GOAL OF THE EXERCISE:
Begin your copy at the line that holds "Signs with yellow" and carry it through the final line of the data, writing out each line exactly and omitting pictures.

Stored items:
- Opening Delimiter -
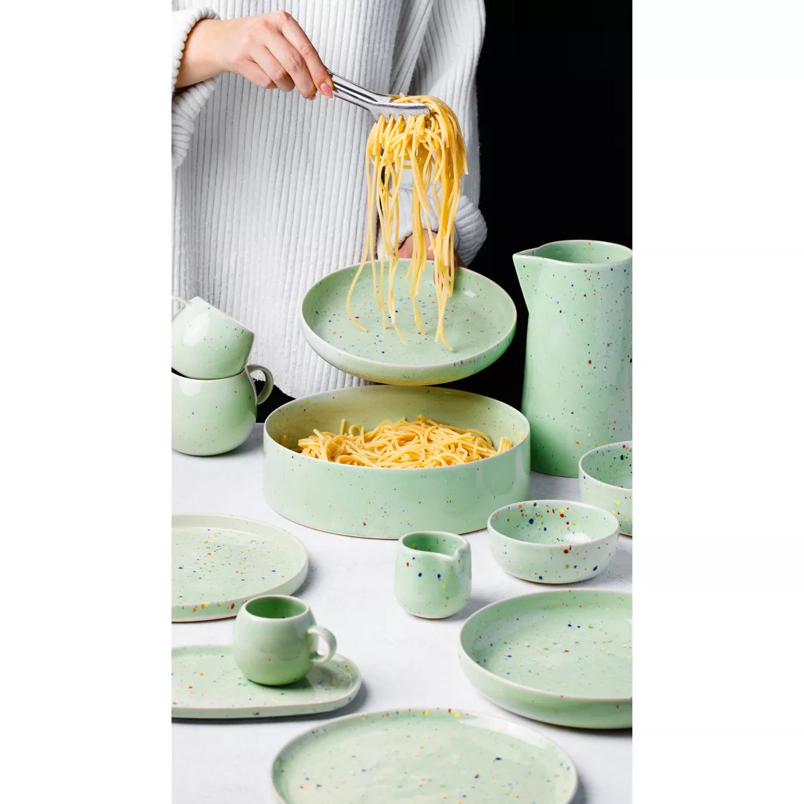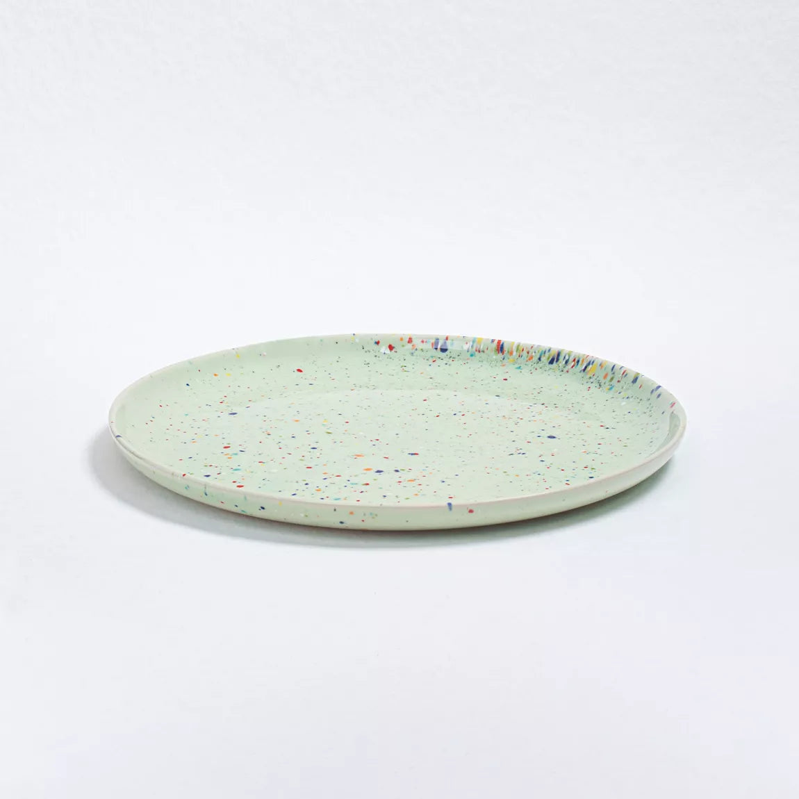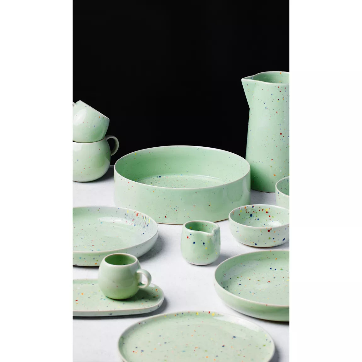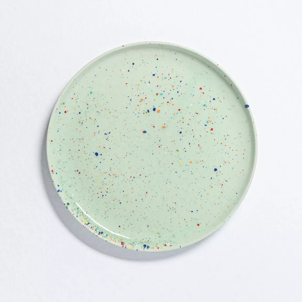 Our Party Collection features a special type of glaze that may exhibit areas where speckles become diffused due to the glass's reactive nature during processing. We find these unique, unpredictable variations to be the most beautiful aspect of the glaze.
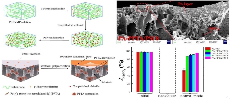 薄层复合膜已广泛应用在海水淡化、污水处理等领域。但是,传统的薄层复合膜依然存在两点不足,即如何进一步提高功能层与基膜的结合强度和基膜的耐压密性,从而提高膜分离效率,延长使用寿命。张宇峰教授团队从分子设计角度提出利用刚性高分子PPTA的高强度和具有酰胺结构和端-NH2的结构特性,以同时提高聚酰胺复合膜基膜耐压密性和聚酰胺功能层与基膜的结合强度为出发点,通过原位共混法制备出PPTA(聚对苯二甲酰对苯二胺)/PSf共混基膜后,再进行界面聚合制备出聚酰胺复合膜。发现在基膜通量得到明显提高的同时,其耐压密性也得到改善,功能层与基膜的结合强度得到明显提高,在0.5MPa,纯水反压30min后,以PPTA/PSf 为基膜的复合膜依然能够对1 g/L MgSO4保持96%以上的截留率。该研究从分子设计的角度提高功能层与基膜的结合牢度和基膜耐压性,为制备高稳定性聚酰胺复合膜提供了新思路。
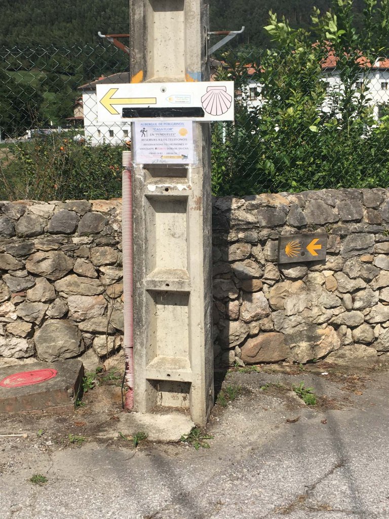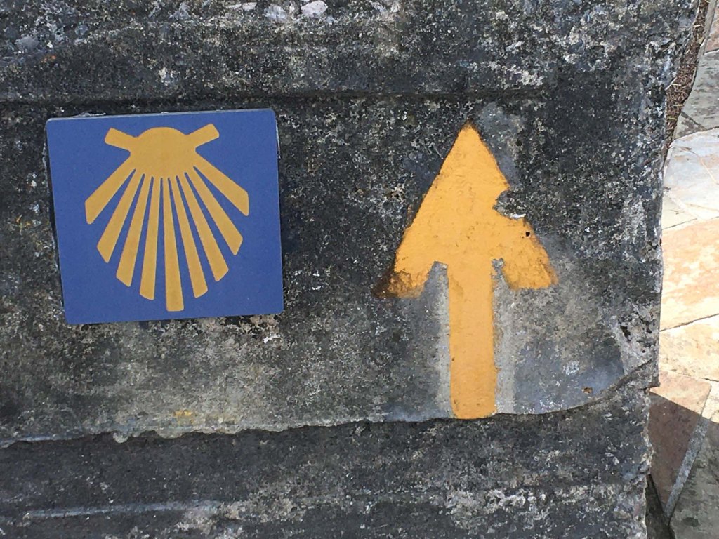 Signs with yellow arrows, sometimes with the scallop shell, mark the Camino in Spain. So, each day, all day, we follow the yellow arrows. — Rev. Kim
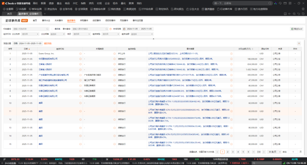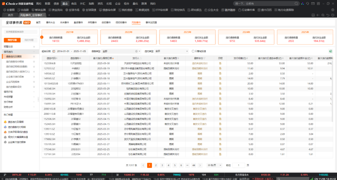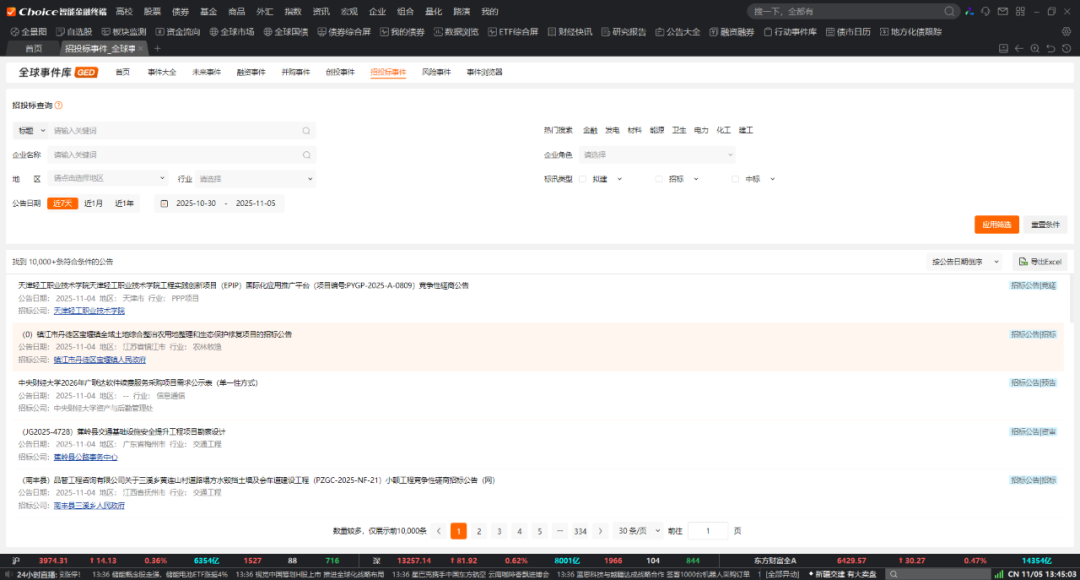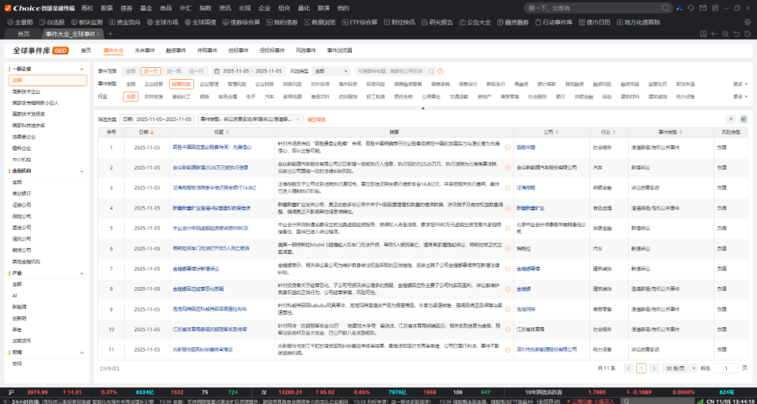 Choice“全球事件库”基于 AI 与大数据技术,7×24 小时监控全球数万信息源,将新闻、公告、微信公众号内容等零散资讯,结构化提炼为标准化事件数据。在事件库首页,用户即可通过事件看板快速洞察市场全貌。
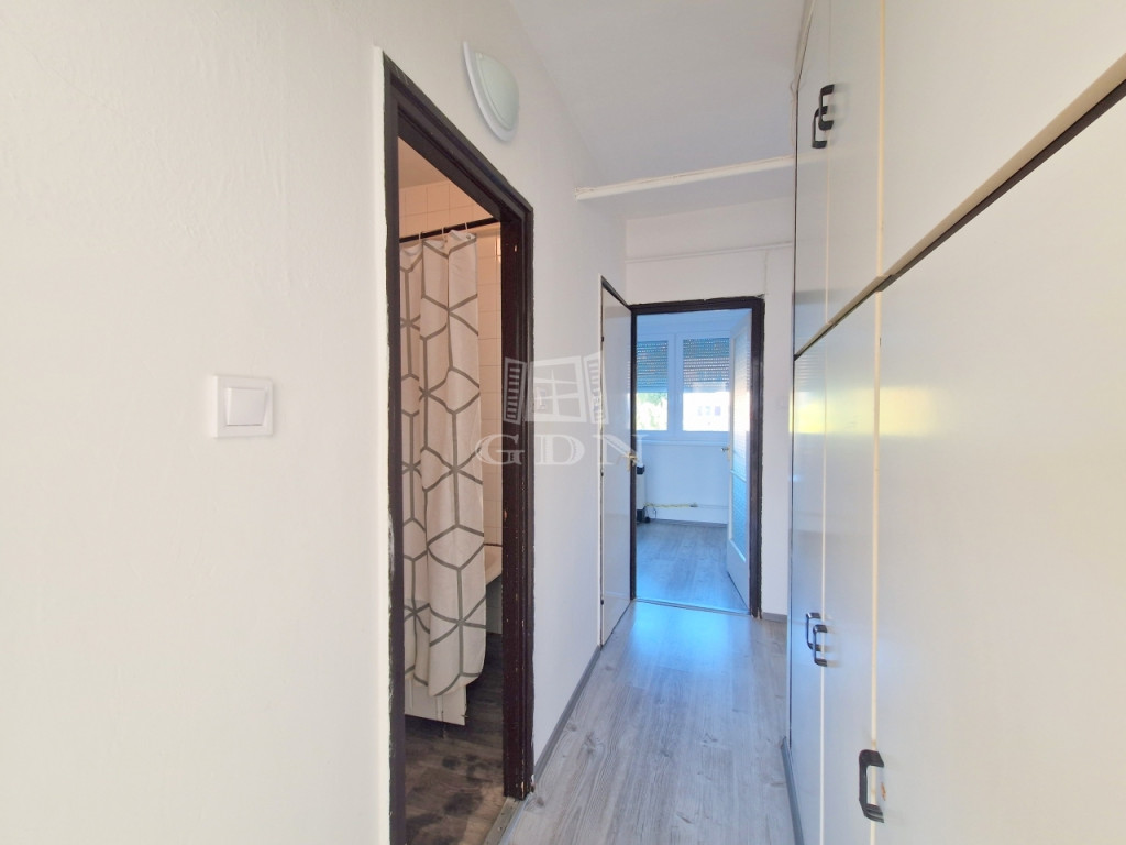 A 62 m2 - es ingatlan helyet ad egy nagy beépített szekrénnyel rendelkező folyosónak, egy előtérnek, egy konyha - étkező együttesnek, 2 külön nyíló hálószobának, egy erkélykapcsolatos nappalinak, egy fürdőkáddal felszerelt fürdőnek, egy külön helyiségben található toalettnek, valamint egy 2 m2 - es erkélynek.
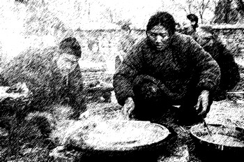 烙煎饼是苦活,鏊子低,得盘着腿坐在麦秸编的蒲团上,家口多的,一烙就是一天。当中吃口饭喝瓢水,得有人替换。往往一天下来,手酸、腿麻,站都站不起来了。鏊子下面四周通开,烟熏火燎,常常眼泪汪汪的。冬天还好说,三伏天坐在鏊子旁,滋味可想而知。
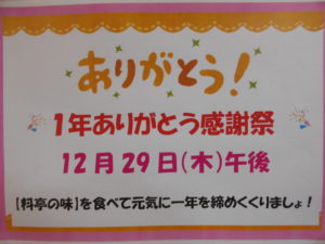 今年最後の営業日には感謝祭を行います。特別料理に【なだ万】の1品料理を提供します?
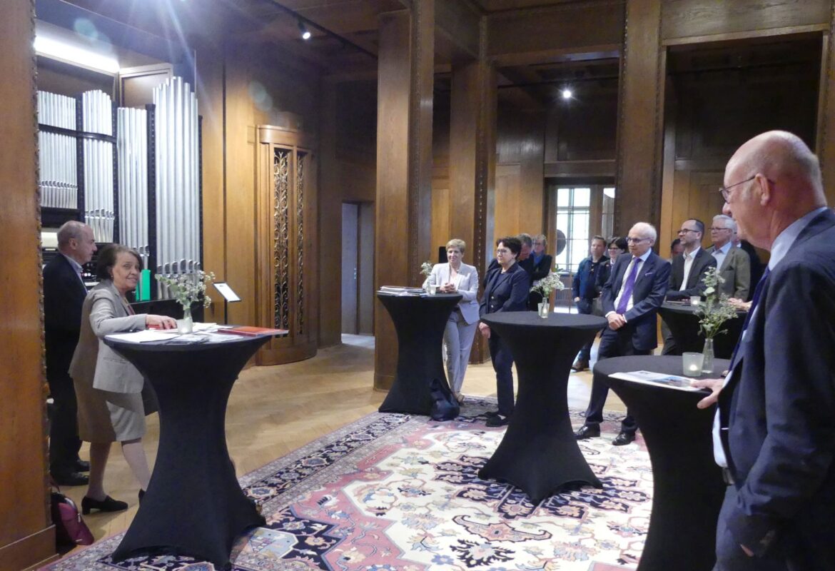 Doch vor einem Jahr war das Kuratorium der Denkmalstiftung Baden-Württemberg nach Schramberg auf Gut Berneck zu einer Sitzung zusammengekommen. Dabei war auch die Ministerin für Landesentwicklung und Wohnen Nicole Razavi. Hausherr Dr. Hans-Jochem Steim hat bekanntlich eine Schiedmayer Scheola-Orgel-Harmonium-Celesta erworben und aufwändig restaurieren und spielbar machen lassen Hier zu hören und zu sehen. Aus Anlass des Besuchs der Denkmalfachleute war der Orgelrestaurator Matthias Müller gekommen, um das außergewöhnliche Instrument vorzustellen.
- Closing Delimiter -
WRITTEN SOLUTION:
 Signs with yellow arrows, sometimes with the scallop shell, mark the Camino in Spain. So, each day, all day, we follow the yellow arrows. — Rev. Kim
 Choice“全球事件库”基于 AI 与大数据技术,7×24 小时监控全球数万信息源,将新闻、公告、微信公众号内容等零散资讯,结构化提炼为标准化事件数据。在事件库首页,用户即可通过事件看板快速洞察市场全貌。
 A 62 m2 - es ingatlan helyet ad egy nagy beépített szekrénnyel rendelkező folyosónak, egy előtérnek, egy konyha - étkező együttesnek, 2 külön nyíló hálószobának, egy erkélykapcsolatos nappalinak, egy fürdőkáddal felszerelt fürdőnek, egy külön helyiségben található toalettnek, valamint egy 2 m2 - es erkélynek.
 烙煎饼是苦活,鏊子低,得盘着腿坐在麦秸编的蒲团上,家口多的,一烙就是一天。当中吃口饭喝瓢水,得有人替换。往往一天下来,手酸、腿麻,站都站不起来了。鏊子下面四周通开,烟熏火燎,常常眼泪汪汪的。冬天还好说,三伏天坐在鏊子旁,滋味可想而知。
 今年最後の営業日には感謝祭を行います。特別料理に【なだ万】の1品料理を提供します?
 Doch vor einem Jahr war das Kuratorium der Denkmalstiftung Baden-Württemberg nach Schramberg auf Gut Berneck zu einer Sitzung zusammengekommen. Dabei war auch die Ministerin für Landesentwicklung und Wohnen Nicole Razavi. Hausherr Dr. Hans-Jochem Steim hat bekanntlich eine Schiedmayer Scheola-Orgel-Harmonium-Celesta erworben und aufwändig restaurieren und spielbar machen lassen Hier zu hören und zu sehen. Aus Anlass des Besuchs der Denkmalfachleute war der Orgelrestaurator Matthias Müller gekommen, um das außergewöhnliche Instrument vorzustellen.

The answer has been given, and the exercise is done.